◆ AIM OF THE TASK ◆
From the line that contains "在你发布之前,我们先来细致地" through the line that contains "Inzopo Set di", output every line of the listing below exactly and leave out all the rest.

◆ DATASET ENTRIES ◆
=== Section Start ===

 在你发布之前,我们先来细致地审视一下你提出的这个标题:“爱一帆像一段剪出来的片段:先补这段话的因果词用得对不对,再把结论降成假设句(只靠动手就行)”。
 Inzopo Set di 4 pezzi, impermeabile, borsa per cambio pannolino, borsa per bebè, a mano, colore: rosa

=== Section End ===
=== Section Start ===

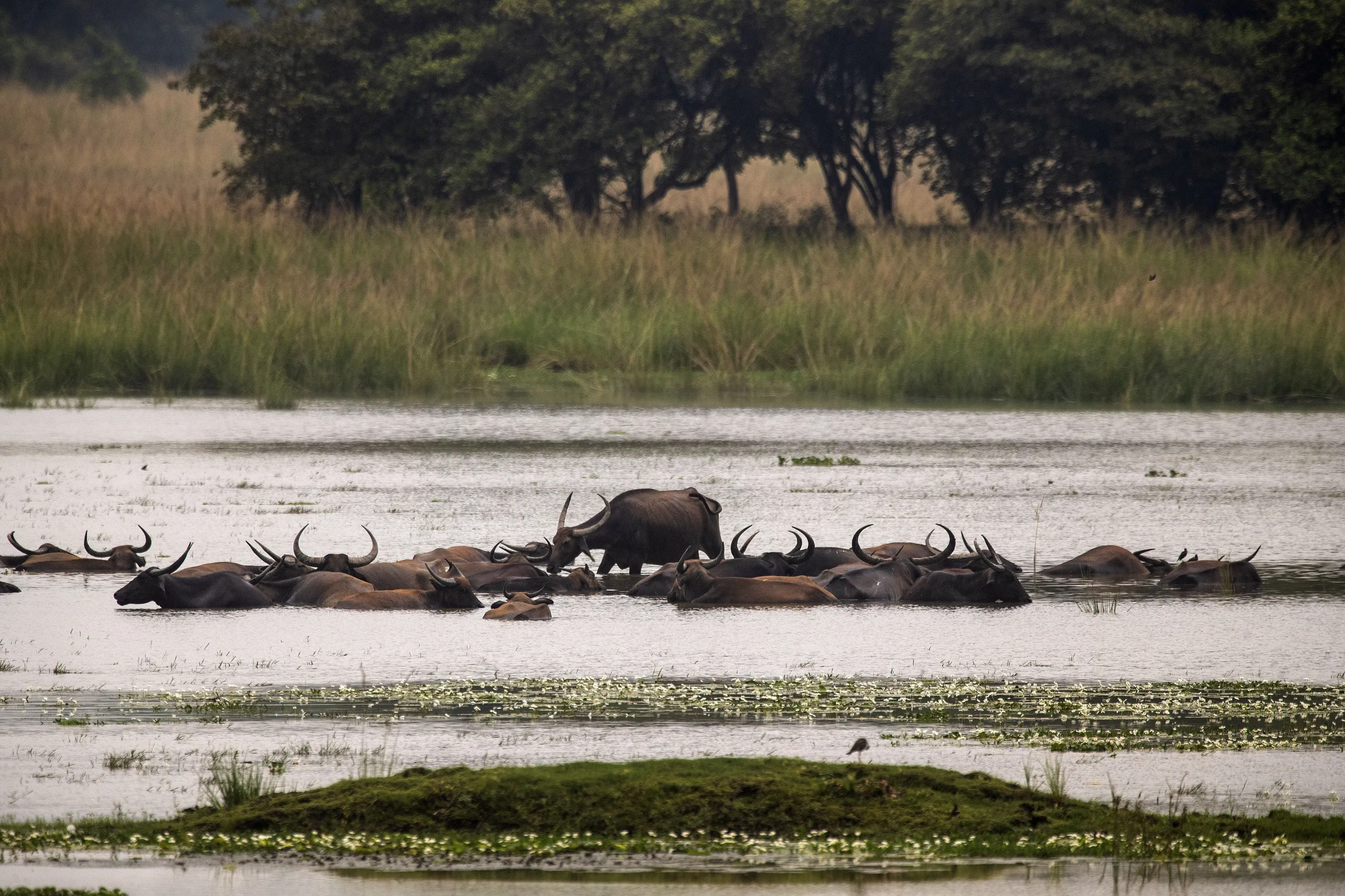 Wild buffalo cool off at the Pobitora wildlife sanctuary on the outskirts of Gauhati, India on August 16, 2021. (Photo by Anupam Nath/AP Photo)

=== Section End ===
=== Section Start ===

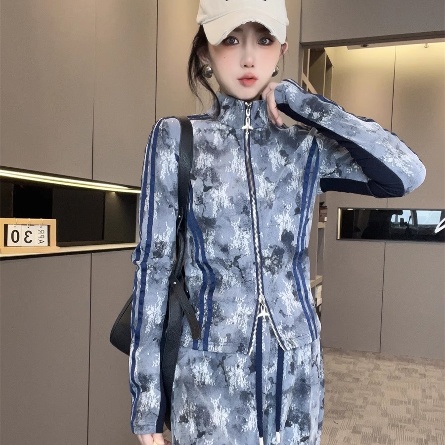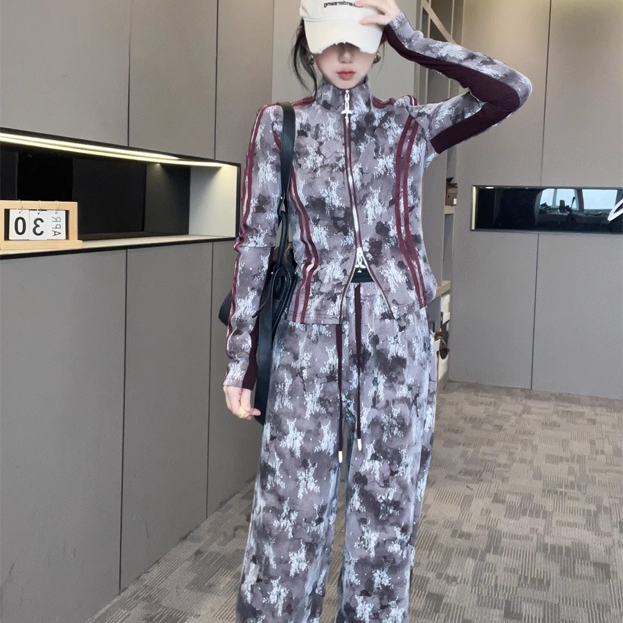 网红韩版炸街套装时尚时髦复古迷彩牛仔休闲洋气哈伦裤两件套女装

=== Section End ===

◆ ANSWER SPACE ◆
 在你发布之前,我们先来细致地审视一下你提出的这个标题:“爱一帆像一段剪出来的片段:先补这段话的因果词用得对不对,再把结论降成假设句(只靠动手就行)”。
 Inzopo Set di 4 pezzi, impermeabile, borsa per cambio pannolino, borsa per bebè, a mano, colore: rosa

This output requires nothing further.